In a decision that will likely be welcomed by the electrical power, chemical manufacturing, and petroleum and coal products manufacturing industries, on July 19, 2019, the U.S. Court of Appeals for the District of Columbia Circuit held in the case of Idaho Conservation League et al., v. Wheeler, that EPA acted reasonably in deciding not to issue CERCLA financial responsibility regulations for the hardrock mining industry. CERCLA (a.k.a., Superfund) was enacted in 1980 and amended in 1986, and Section 108(b) of CERCLA provides that EPA shall promulgate requirements that classes of facilities establish and maintain evidence of financial responsibility “consistent with the degree and duration of risk” associated with the production, transportation, treatment, storage or disposal of hazardous substances. However, no action was taken to implement Section 108(b) until 2009, and then only as the result of litigation challenging EPA’s failure to act. EPA and the petitioners agreed to a schedule by which the agency would propose financial responsibility rules for the hardrock mining industry—which was the initial class of industry facilities selected for the possible application of these rules—and the DC Circuit approved this schedule in 2016, which contained the court’s caveat that EPA retained the discretion not to issue any rule at the conclusion of the rulemaking.
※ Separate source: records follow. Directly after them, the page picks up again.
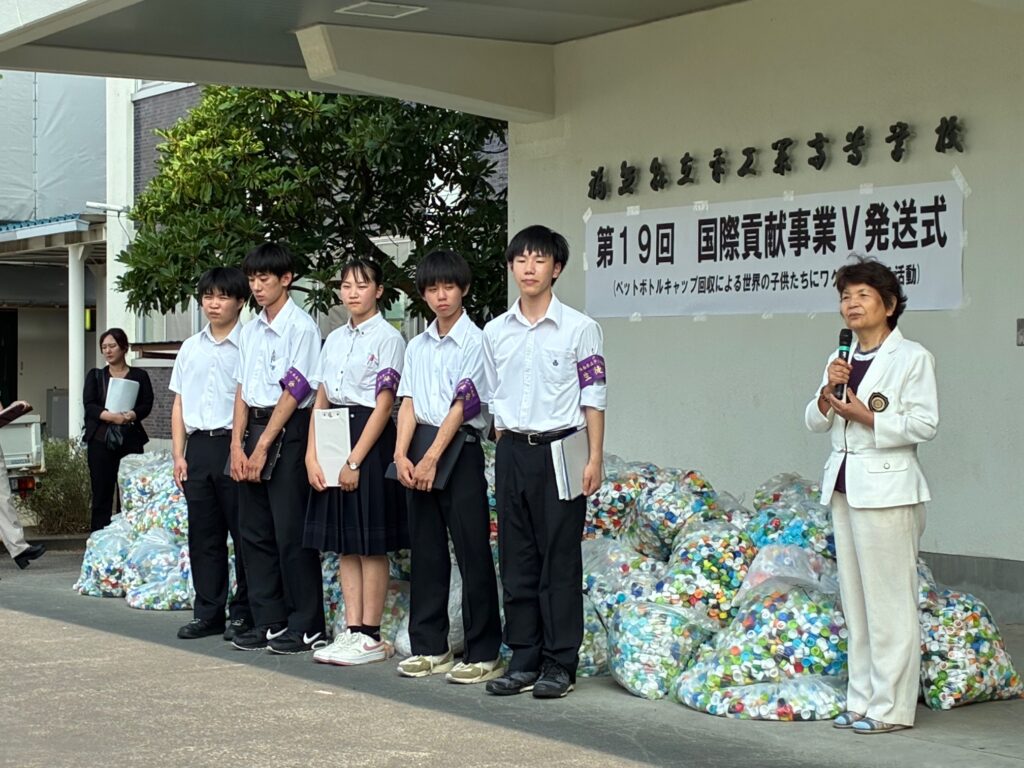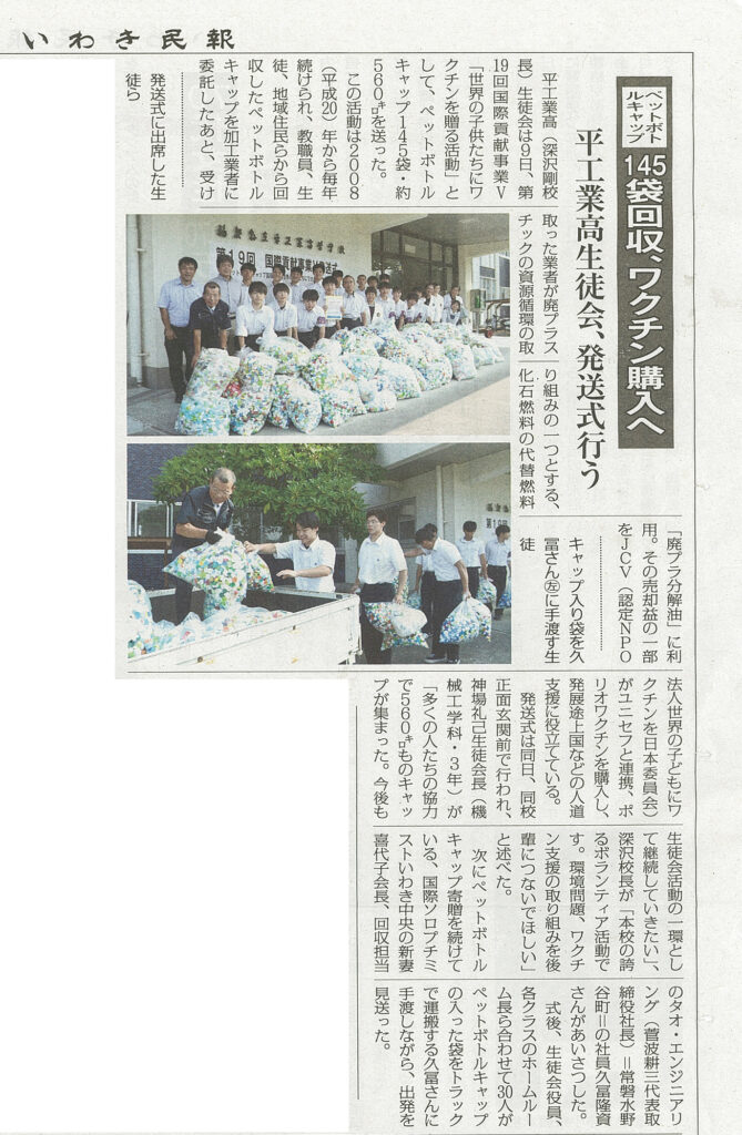 福島県立平工業高等学校は、生徒や地域住民から1年間集めたペットボトルキャップを市内で再資源を行っている会社に寄贈している。その活動に私達会員4名で9月25日に参加し、ペットボトルキャップ、プルタブ、インクカートリッジを1年間集めた物を高等学校に寄贈を行った。この収益は、世界の子どもにポリオワクチンを贈る活動に取り組んでいるNPO法人へ寄付する事になっている。
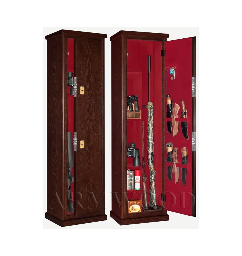 ОписаниеЭлитный оружейный сейф с отделкой натуральным деревом. Сейфы полностью удовлетворяют требованиям МВД к хранению оружия. Замок Два сертифицированных трёхригельных ключевых замка 3 класса. Замки разработаны совместно с Cisa (Италия). По желанию заказчика возможна поставка сейфов с замками производства Германии: Mauer или Wittkopp. Защита Дверь сейфа имеет коробчатую конструкцию для дополнительного усиления. Петли внутренние из стали 6мм. Усиленный корпус. Внутреннее устройство Внутри сейфа вертикальная перегородка, которая делит внутреннее пространство сейфа на два отделения. Внутри правого отделения верхние и нижние деревянные ложементы на два ствола. Внутри левого отделения вертикальнорасположенное внутреннее запираемое (патронное) отделение. Ниже запираемого отделения находятся три съёмные полки с регулируемой высотой установки. Если устанавливать не все полки, то на их месте можно хранить третий и четвёртый ствол. На двери сейфа: два удобных держателя для ножей, а также крючки для шомполов, ключей и пр.. Сейф имеет полную внутреннюю мягкую отделку флокированием бархатом (различных цветов по нашему каталогу). Например на фото в открытом виде флок – бордовый. Некоторые возможные варианты флока представлены на дополнительном фото. Полная внутренняя мягкая отделка защищает Ваше оружие от контакта с металлом, царапин, повреждений и т.п. Установка Предусмотрена возможность крепления сейфа к стене. По желанию заказчика возможна поставка в исполнении, предусматривающем также крепление к полу. Модификации Сейф может быть так же поставлен в базовой модификации Primary. По желанию заказчика возможно изменение размеров, конструкции, внутреннего устройства и т.п. Возможна замена верхних деревянных ложементов на ложементы других типов (роликовые ложементы-зажимы производства Германии, специальные ложементы для хранения оружия с крупной оптикой и т.п.). Дополнительная информация Имеются различные варианты отделки натуральным деревом сейфов серии Armwood (под различную мебель). Возможна поставка данного сейфа в исполнении универсальный сейф. В этом случае сейф поставляется с дополнительными полками и может использоваться не только как оружейный сейф, но и как личный и офисный сейф. ДоставкаСтоимость доставки по Москве в пределах МКАД: при заказе от 20 000 рублей бесплатно, менее 20000 руб - 1200 рублей Доставка возможна на 06.12.2025 или на 07.12.2025 Доставка по РФ и СНГ: по тарифам транспортных компаний Стоимость разгрузки: 900 руб СамовывозСамовывоз: со склада, после после подтверждения заказа ОплатаОплата: наличными при получении товара, безналичный расчет ( 100% предоплата) Сейф Armwood 524.074 Flock |
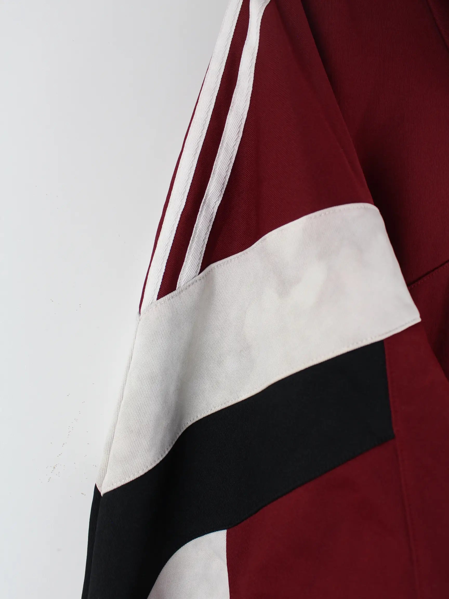 Trainingsjacke aus dem Hause Adidas in Größe XXL. Sie ist aus Synthetik gemacht und in Rot vorrätig.
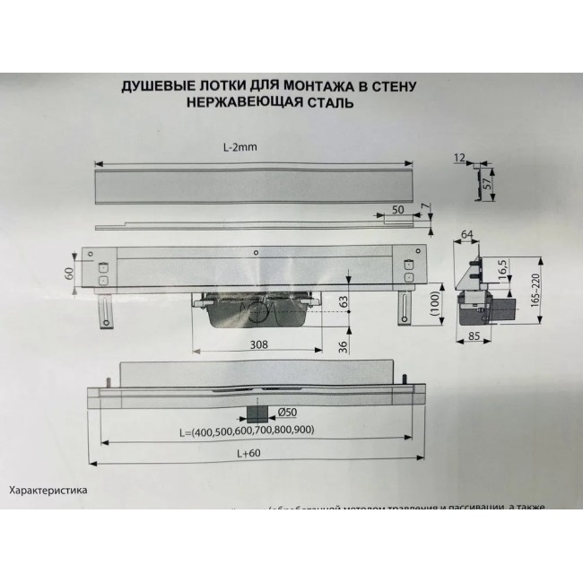 Душевой трап для монтажа в стену, предназначен для отвода воды с пола или поддона под душем.
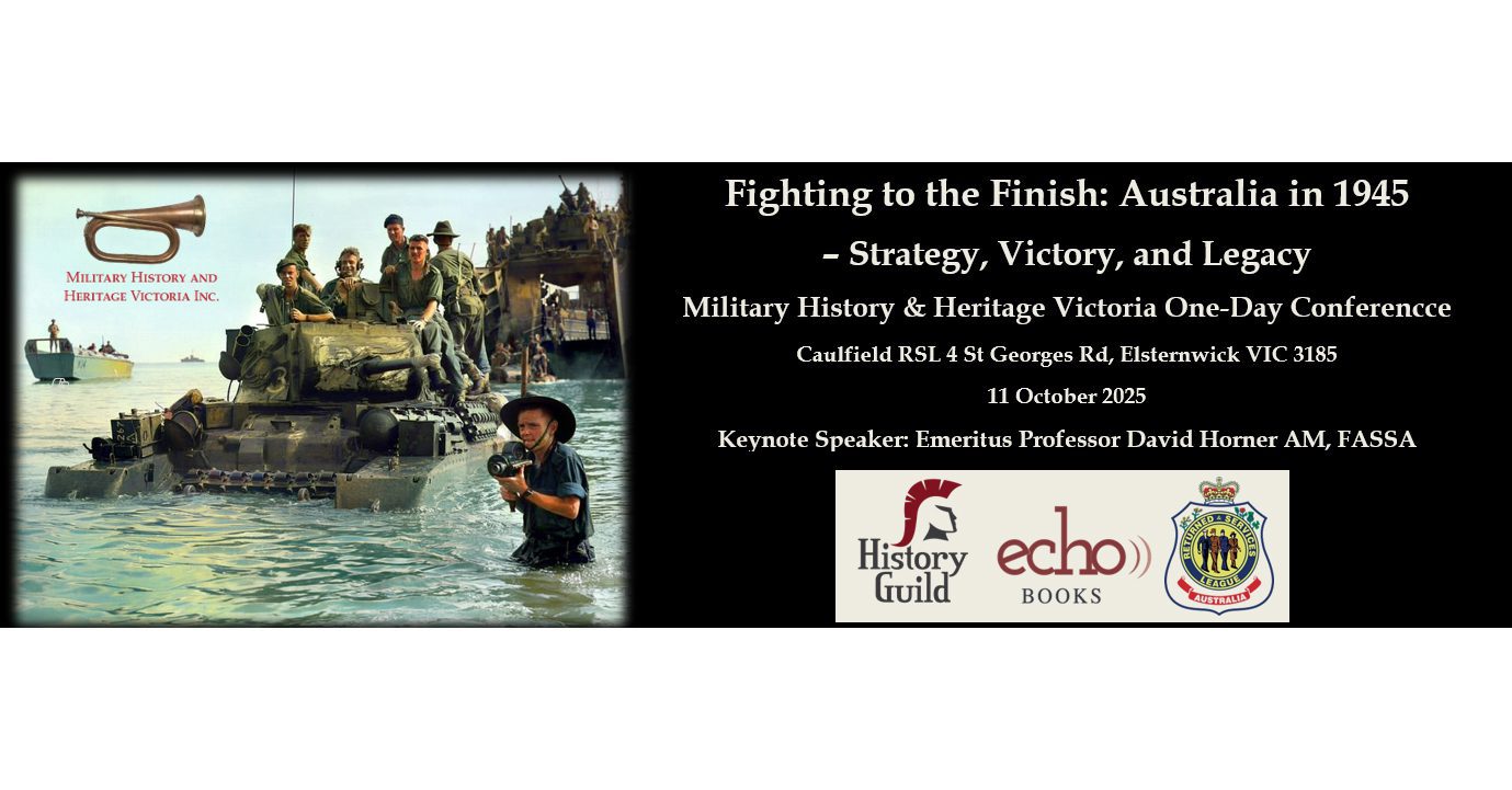 Military History & Heritage Victoria is excited to announce the Call for Papers for our next conference – Fighting to the Finish: Australia in 1945 – Strategy, Victory and Legacy – which will be held on 11th October 2025 in Melbourne. History Guild is proud to support this conference. Keynote will be delivered by Emeritus […]
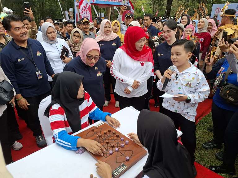 Menteri PPPA Arifah Fauzi dan Gubernur Jatim Khofifah Indar Parawansa mengunjungi permainan tradisional berbasis kearifan lokal. -Muhamad Hidayat-
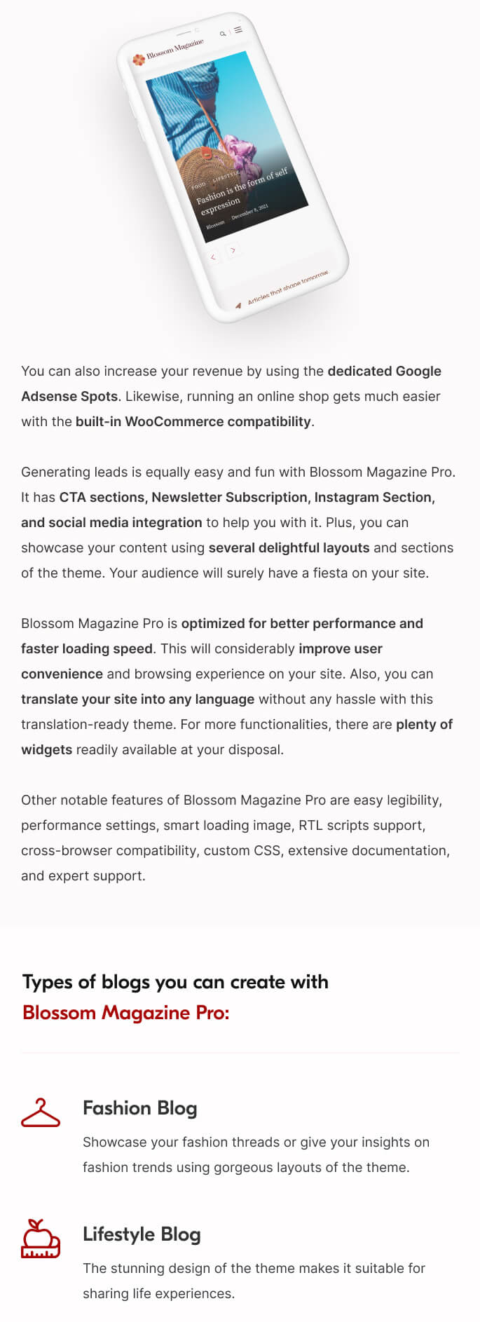 Other notable features of Blossom Magazine Pro are easy legibility, performance settings, smart loading image, RTL scripts support, cross-browser compatibility, custom CSS, extensive documentation, and expert support.
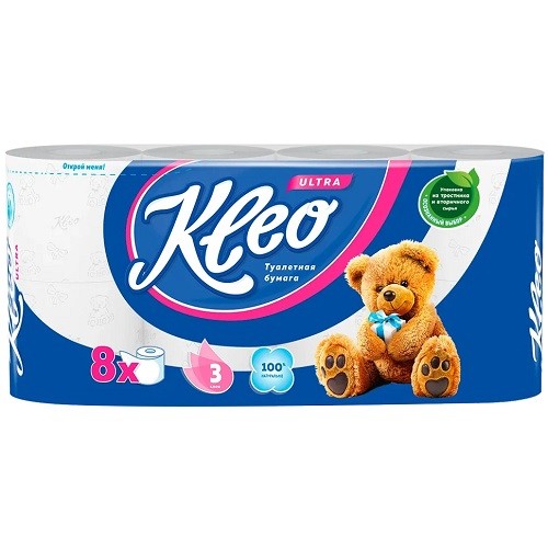 'Kleo' Туалетная бумага 3х сл.Ultra 8рул. (белая)
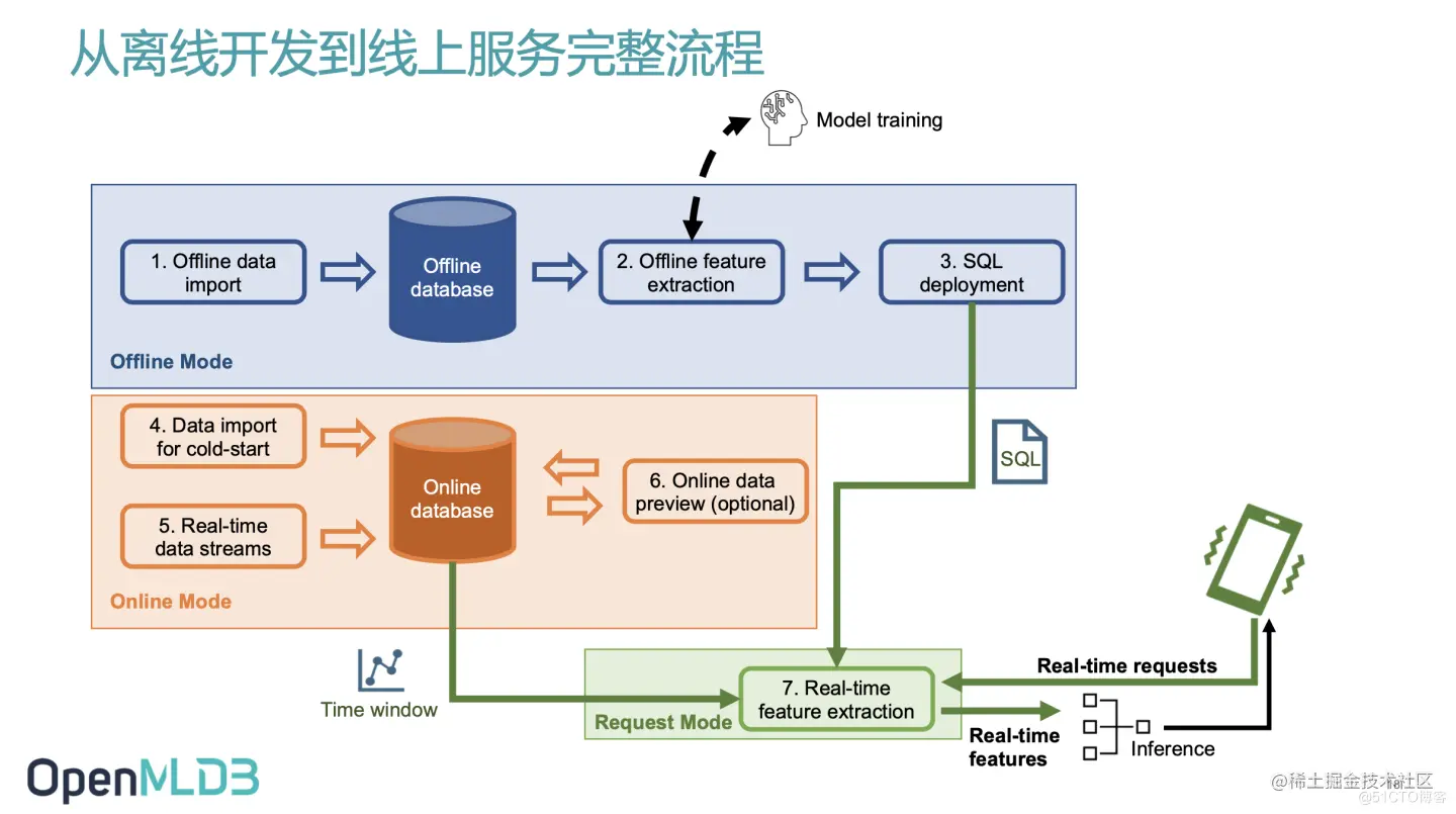 OpenMLDB 是一个开源机器学习数据库,提供了线上线下一致的特征平台。主要面向结构化数据和决策类场景的时序数据特征工程,处理时序数据和基于时间窗口的聚合函数,可以满足生产级上线需求的实时推荐系统。所解决的最核心的问题是线上线下一致性校验带来的高昂工程化落地成本问题,同时提供了毫秒级的实时特征计算。离线开发到线上服务完整流程
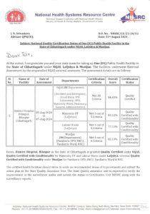 जिला अस्पताल में एनएचएमआरसी की टीम ने 5 अगस्त से लेकर 7 अगस्त तक मूल्यांकन कार्य किया था। इसमें एनक्यूएएस के लिए आठ विभागों (दुर्घटना एवं आपातकाल, ब्लड बैंक, आईपीडी, लेबोरेट्री, ओपीडी, मैटर्निटी वार्ड, फार्मेटी एवं जनरल एडमिनिस्ट्रेशन) का आंकलन किया गया था। आंकलन में बिलासपुर जिला अस्पताल का ओवरआल स्कोर 84.45 फीसदी रहा जिसके आधार पर अस्पताल को एनक्यूएएस क्वालिटी सर्टिफिकेट प्रदान किया गया है। इसके साथ ही लक्ष्य योजना के अंतर्गत मैटर्निटी ओटी एवं लेबर रूम का आंकलन किया गया था तथा मुस्कान योजना के अंतर्गत पीडियाट्रिक ओपीडी, एसएनसीयू, पेडियाट्रिक वार्ड एवं एनआरसी का आंकलन किया गया था। इन दोनों योजनाओं के अंतर्गत भी जिला अस्पताल बिलासपुर को क्वालिटी सर्टिफिकेट प्रदान किया गया है।
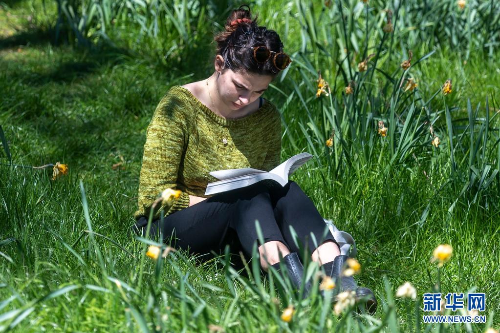 4月17日,一名女子在英國倫敦一個(gè)公園的花叢中讀書。

The proposed hardrock mining rules were published in January 2017, and EPA noted then that there was abundant evidence that hardrock mining facilities “continue to pose risks associated with the management of hazardous substances at their sites.” However, at the conclusion of this proceeding, EPA had changed its mind: modern mining techniques and the development of strong mining regulatory programs at the state and federal level persuaded the agency that the financial risks that it feared (being threats to the federal fisc from cleaning up Superfund mining sites) were no longer significant enough to warrant the promulgation of these rules. The environmental petitioners challenged this decision of the agency, but their challenge was unsuccessful.

Applying the traditional Chevron analysis, the court held that EPA’s interpretation of the term “risk” as employed in the statue was reasonable, and provided the agency with the discretion it needed to determine that the emphasis on “risk” in Section108(b) was limited to financial risks to the government and not exclusively environmental risks. All of the issues raised by the petitioners were rejected by the court, and therefore the EPA’s actions were not arbitrary and capricious. The court agreed that this industry was involved in many large historic CERCLA sites, but it would not substitute its judgment on these factors in place of EPA’s.

Presumably, EPA will work its way through the other industry categories it selected for consideration of new CERCLA financial responsibility rules, but the prospect of additional regulation may no longer seem so imminent.